# GEC Sizing



## RIVETER (Sep 26, 2009)

Cletis said:


> What is reasoning behind sizing of the gec ?
> 
> Ex.
> 
> ...


I don't keep up with the code as much as I should but when it comes to lightning strikes on an electrical service the GEC should not be different from one service to another. EGC's should be sized according to the phase conductor.


----------



## Cletis (Aug 20, 2010)

*...*

I was referring to 250.66 to be specific


----------



## BuzzKill (Oct 27, 2008)

Cletis said:


> I was referring to 250.66 to be specific


studies and science and stuff.


----------



## Tom45acp (Sep 6, 2011)

For starters, the earth is not a very good conductor of electricity, so it is unlikely that the amount of current in a GEC to the rods will exceed the carrying capacity of a #6 copper conductor.
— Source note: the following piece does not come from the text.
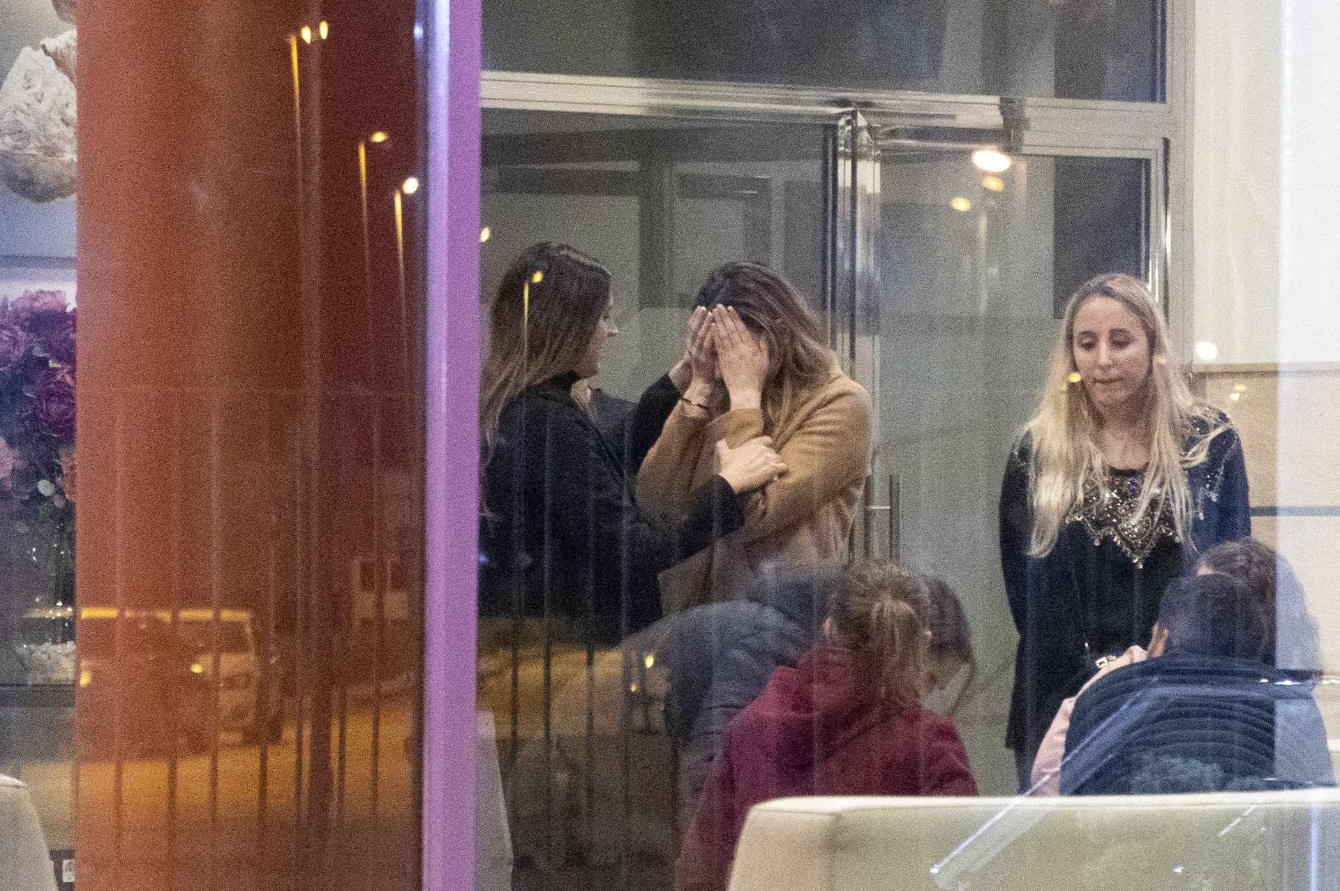 En su llegada al tanatorio se la pudo ver con rostro amargo y con los ojos rojizos por el llanto.

If the current is due to a lightning strike, the event is over fast enough so that heating effects are not a problem. If the current flow is due to a fault, the impedance is usually high enough to limit current flow.

I don't have my Soares book handy, so I might be wrong about the following #s. A copper conductor can safely carry 1 amp for 5 seconds for every 42 circular mils of cross section and this is what determines, in part, the size of GEC's and equipment grounds.

The GEC to other electrodes such as metal water pipes & building steel also perform a bonding function and could be subject to higher fault currents, hence the larger size. Again, due to circuit impedance, 3/0 copper is the largest size GEC required.


----------



## RIVETER (Sep 26, 2009)

Cletis said:


> What is reasoning behind sizing of the gec ?
> 
> Ex.
> 
> ...


Money


----------



## fragman565 (Mar 6, 2012)

as long as it works it doesnt reallyu matter


----------



## RIVETER (Sep 26, 2009)

Think about it. Lightning doesn't seem to have a hard time going to ground without a ground rod and associated GEC in the first place.


----------